Thursday, May 23, 2013

OpenCV setup for Mac

Homebrew makes setup easy.

This is for OSX 10.7+:
1) Install the latest XCode and its command line tools (must install separately).
2) Install homebrew
$ ruby -e "$(curl -fsSL https://raw.github.com/mxcl/homebrew/go)"
$ brew doctor
- make any fixes the doctor recommends
$ brew tap hombrew/science
- this gives you access to a group of science-related brew formulas
$ brew install opencv
- will probably install the latest mac-compatible OpenCV; as of this writing, the OpenCV version was 2.4.5

In XCode, if you set the correct Additional Library and Header paths in Build Settings, but still get linker errors when you try to compile OpenCV C++ code, in Build Settings edit the Standard C++ library to choose libstdc++ (GNU C++ standard library) instead.

Thursday, May 9, 2013

Automatic panorama

Coded in OpenCV 2.4.2 and C++. I initially tried to use OpenCV's Python wrapper, but the documentation was quite bad. So it was C++ instead, which was pretty fun. Like, in Python I'd just think of sticking an ArgumentParser for command line arguments, but in C++ it felt natural to write a recursive option parser. I decided not to use Matlab because (1) I don't have it on my laptop, (2) I wanted something I could play with later, or use easily.

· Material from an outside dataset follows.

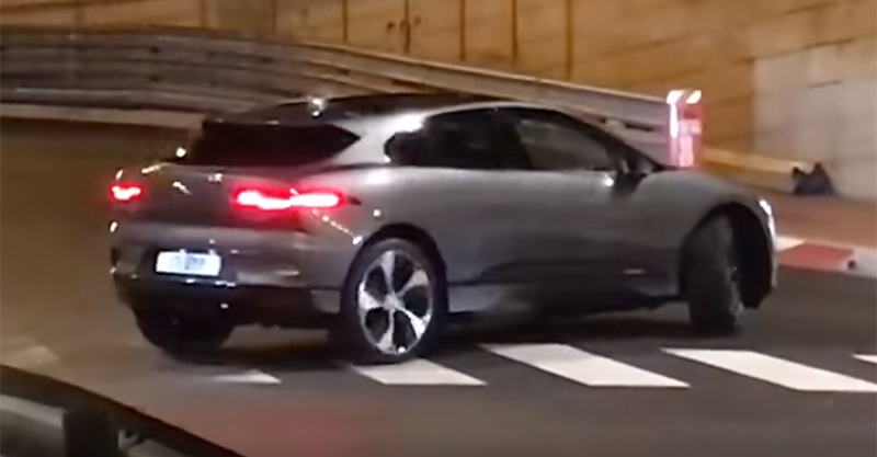 Jaguar I-Pace เวอร์ชั่นผลิตจริง ถูกบันทึกวีดีโอได้ระหว่างการถ่ายทำโฆษณาที่สนาม Grand Prix Circuit ของ Monaco แม้ว่าคุณภาพของวีดีโอที่นำมาเผยแพร่จะไม่ชัดเจนเท่าใดนัก แต่นั่นก็มากพอให้เราเห็นรายละเอียดงานออกแบบภายนอกที่ถอดแบบมาจากคันต้นแบบ ทั้งยังใช้สีตัวถังเป็นสีเทาเฉดเดียวกัน รวมไปถึงล้อลายเดียวกันอีกด้วย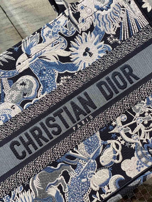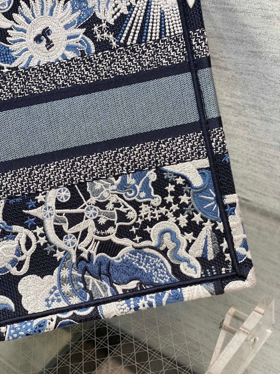 DIOR MEDIUM BOOK TOTE BLUE MULTICOLOR ZODIAC FANTASTICO EMBROIDERY 36CM

The human eye naturally recognizes the relationship of points in two photographs. First I did manual landmarking (user clicks pairs of interesting points on the two images he/ she wants to stitch). To mosaic more than one image, do manual consecutive mapping for better results (the order that you put images together is important).

Automating manual clicking

Then with feature detector and extractors, I obtained descriptors of landmarks, and matched them. This was all done with the OpenCV library. However, it's findHomography function, where it finds the projective transformation from image 1's coordinate system to the other, was not very good. For non-planar surfaces, they would fail immediately.

So instead of using that, I implemented my own outlier/ inlier algorithms. It was really quite easy, but with some inaccuracies. It was also slower.